His bottom line was this: Based on the degree to which I am compromised, trying IV antibiotics is a reasonable risk to take. There are no guarantees, but we can hope that this will lead to improvement. He really felt that my body was ready for IVs given the treatment we have done so far. Although we have had to be very judicious about my treatment given my sensitivities we have done a significant amount of treatment so far.
Every Lyme doctor is different, some of them vastly so, in how they approach treatment. I have chosen a doctor who is fairly conservative and does not use much in terms of alternative treatment. At this point, I want this approach.
What really helped me to make the decision to go on IVs was when I asked Dr. Lyme how many patients he put on IV therapy and how often he used it. He said to me that he does not use IV therapy very often and is "very selective" about who he places on such treatment.
For me, this statement was incredibly reassuring. It made me feel comfortable (as comfortable as one can be) with the decision.

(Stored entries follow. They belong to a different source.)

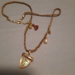 KENDRA SCOTT 14k Gold-Plated Carved Abalone Shark Tooth Cord-Wrapped Necklace
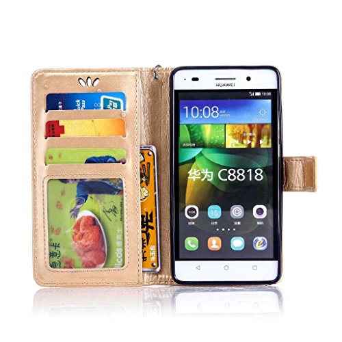 Huawei Honor 4C ケース UNEXTATI Huawei Honor 4C 手帳型ケース カバー 液晶保護 カード収納 スタンド機能 マグネット開閉式 ストラップ付き (P2 蝶)
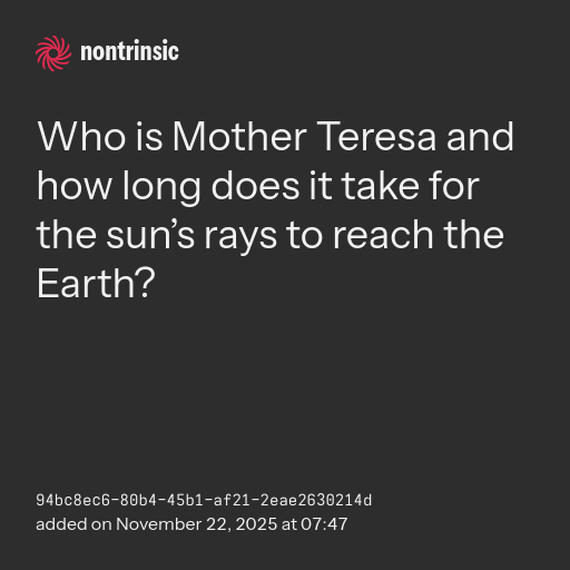 shareWho is Mother Teresa and how long does it take for the sun’s rays to reach the Earth?
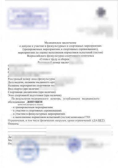 Получить справку для Гонки героев можно в муниципальной поликлинике или в частном медучреждении. Для допуска нужно сделать ЭКГ, сдать анализы, получить заключение у кардиолога, невропатолога, окулиста, травматолога. Потребуются и результаты ФЛГ. Срок действия обычной справки 6 месяцев, если она нужна сроком на 1 год, то потребуется пройти более расширенное обследование.
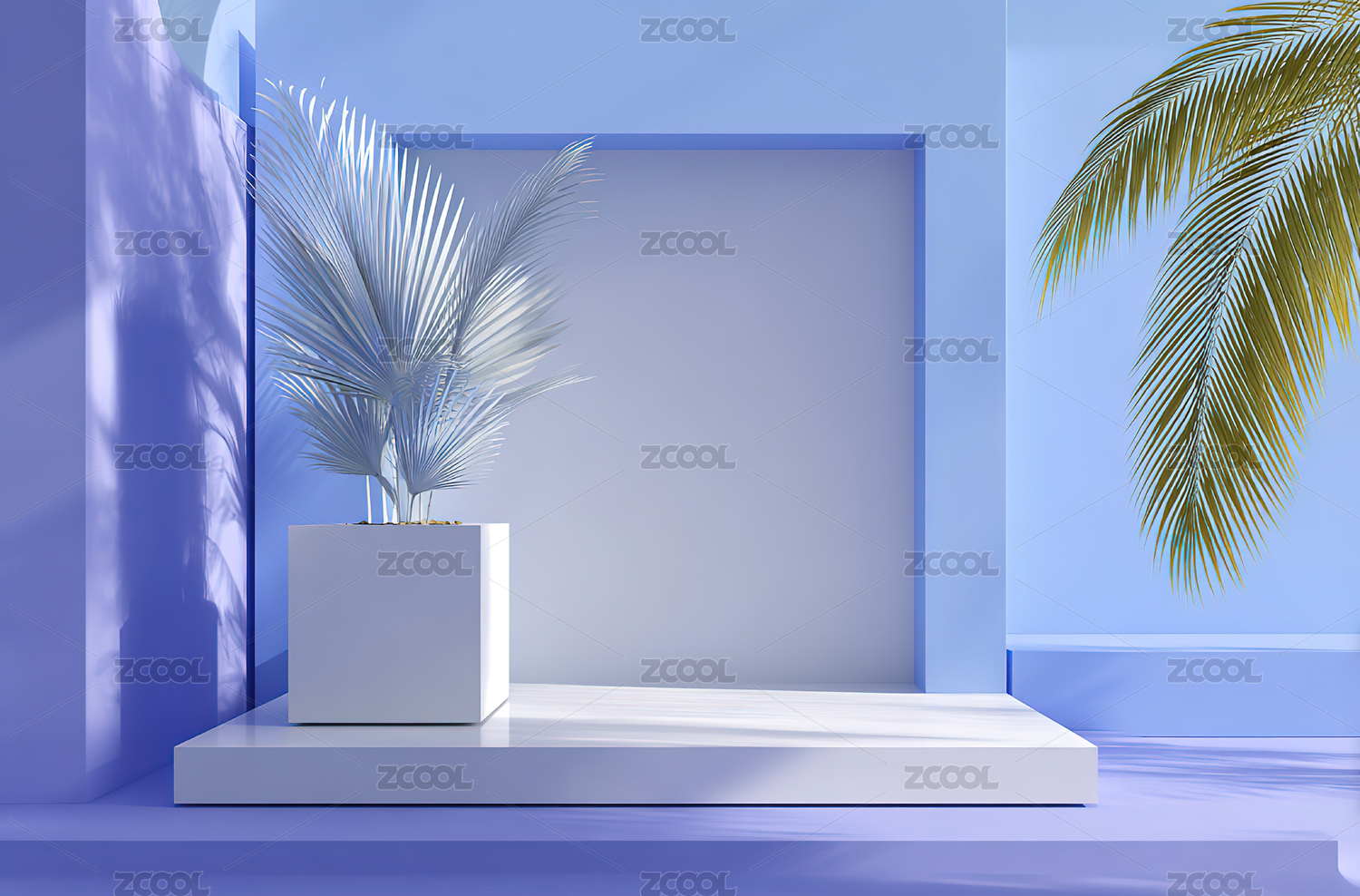 蓝色调植物展示场景
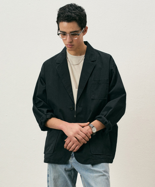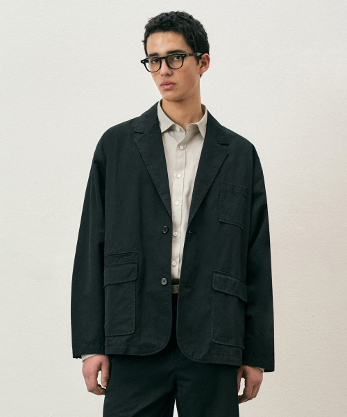 코튼 루즈핏 워시드 블레이저 블랙 COOSJK039BLACK
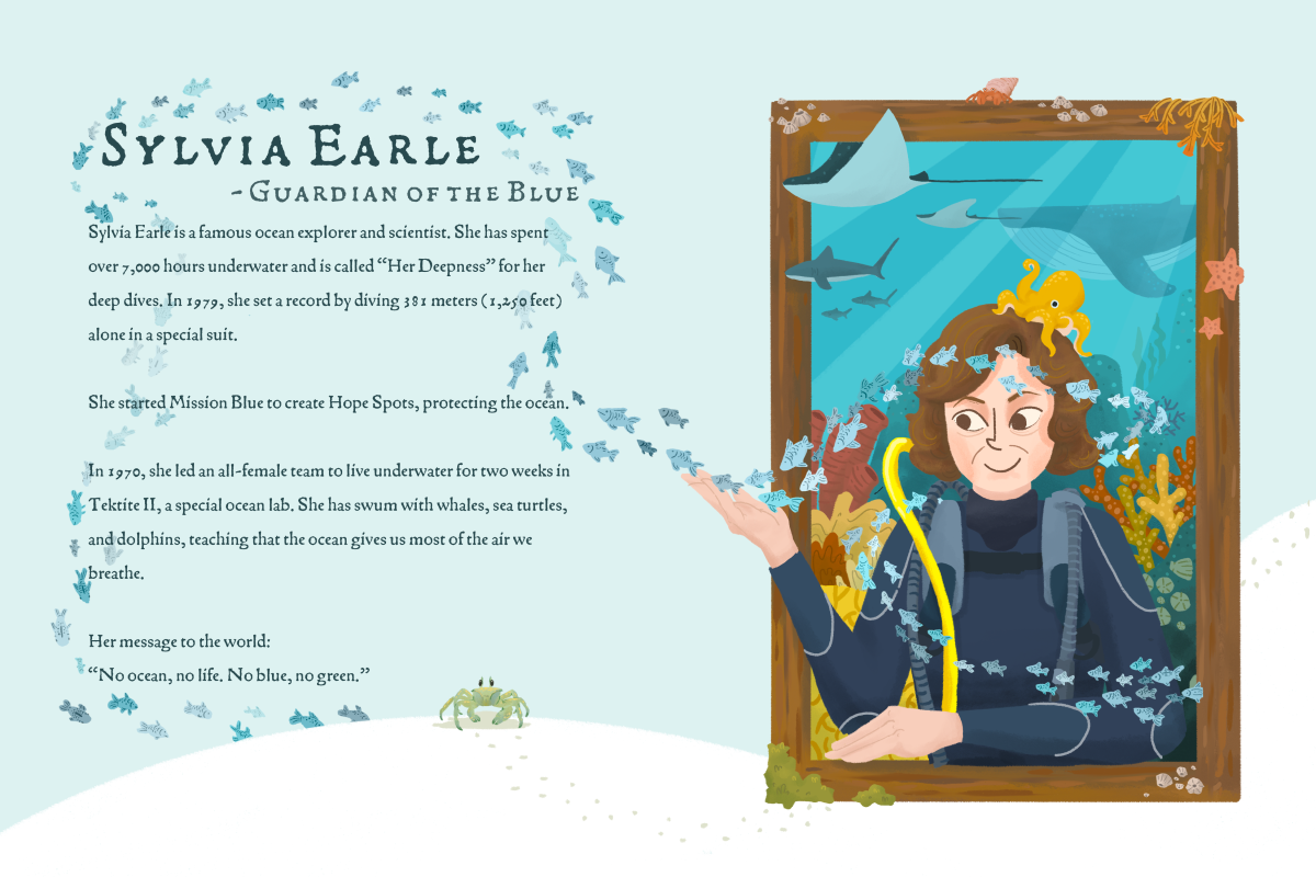 A portrait of Sylvia Earle, created as part of a children's book project that introduces important historical figures through approachable language and engaging illustrations. The goal is to spark curiosity and inspire young readers to learn more about the people who shaped our world.
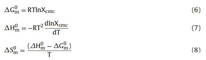 其中αG0m、αH0m和αS0m是自由能、焓的變化 和膠束化熵,Xcmc 是 cmc 處的摩爾分數。 這 從方程 (6-8) 獲得的值顯示在表 2 中。
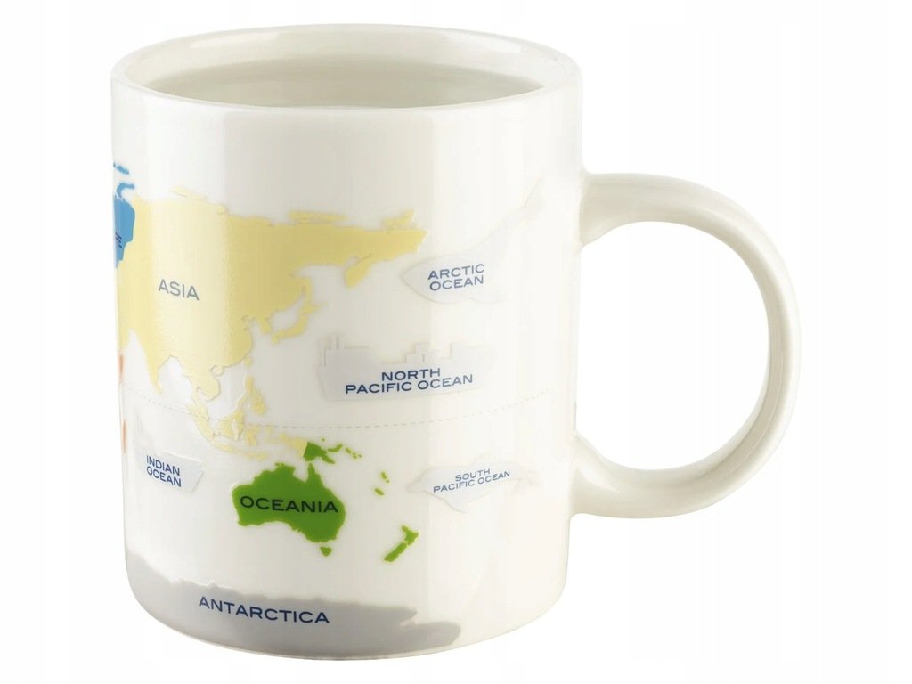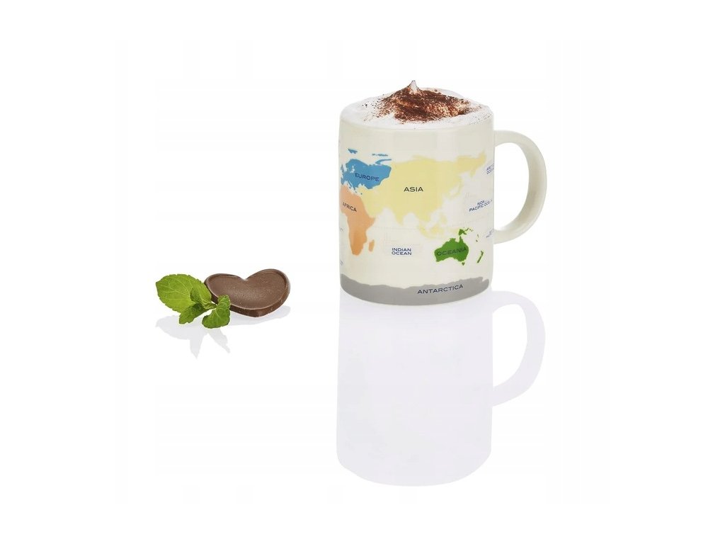 Porcelánový hrnek Ernesto „Mapa světa“, který při nalití horkého nápoje změní motiv — praktický a dekorativní doplněk pro milovníky kávy či čaje.
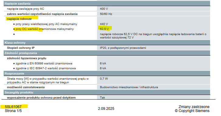 Seria 5SL6 jest bazowo przeznaczona do sieci AC i takie ma bazowe opisy. Natomiast może pracować przy napięciu DC co potwierdzają dane techniczne (fragment karty w załączniku).
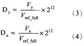 ADS7846內(nèi)部可以通過(guò)寄存器的設(shè)置A/D轉(zhuǎn)換器的分辨率設(shè)為8位或12位,在本系統(tǒng)中A/D轉(zhuǎn)換器的分辨率取12位。則P點(diǎn)的二進(jìn)制輸出代碼為:
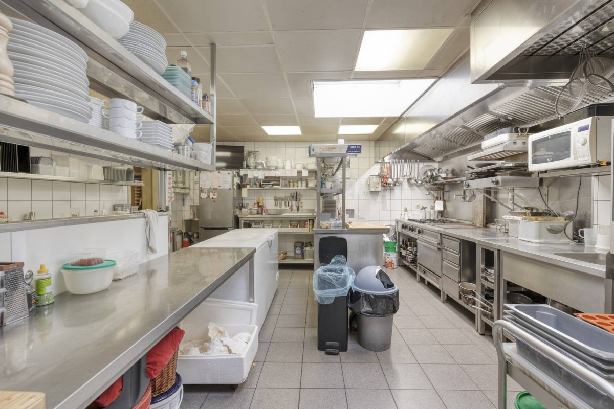 De oppervlakte is in totaal 165 m² op het gelijkvloers, inclusief een professioneel uitgeruste keuken.
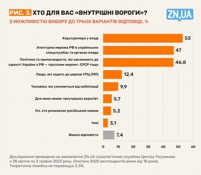 Деталі: "На запитання "Хто для вас "внутрішні вороги"?" 53% опитаних чітко вказують, що це – корупціонери у владі.

As a family we had to ask some really difficult questions of ourselves. All of us still have horrible memories of my PICC line in 2005, yet we knew we could not let fear drive our decision. If I had cancer and needed chemo, would I not do it because I was afraid of getting a port and its possible complications? No. Would I not try IV antibiotics because I was afraid of getting a port? Ultimately the answer was no. With chemo there are no guarantees either. And there are none with this treatment.
But if I don't try, I will always wonder if it might have been my best shot at getting better.
I'm not ready to say that the quality of life I have right now is 'good enough'. Someday I might have to do that. Right now though, there are still treatments left to try and that's where I'm at in my decision making. I keep imagining myself turning 35 next year and feeling like things are beginning anew. I hope I can hold onto that imagery over the next several months!
Blessings,
Emily
Photos: Vase full of gladiolas from Pam and Norm's garden. They are still in my room right now!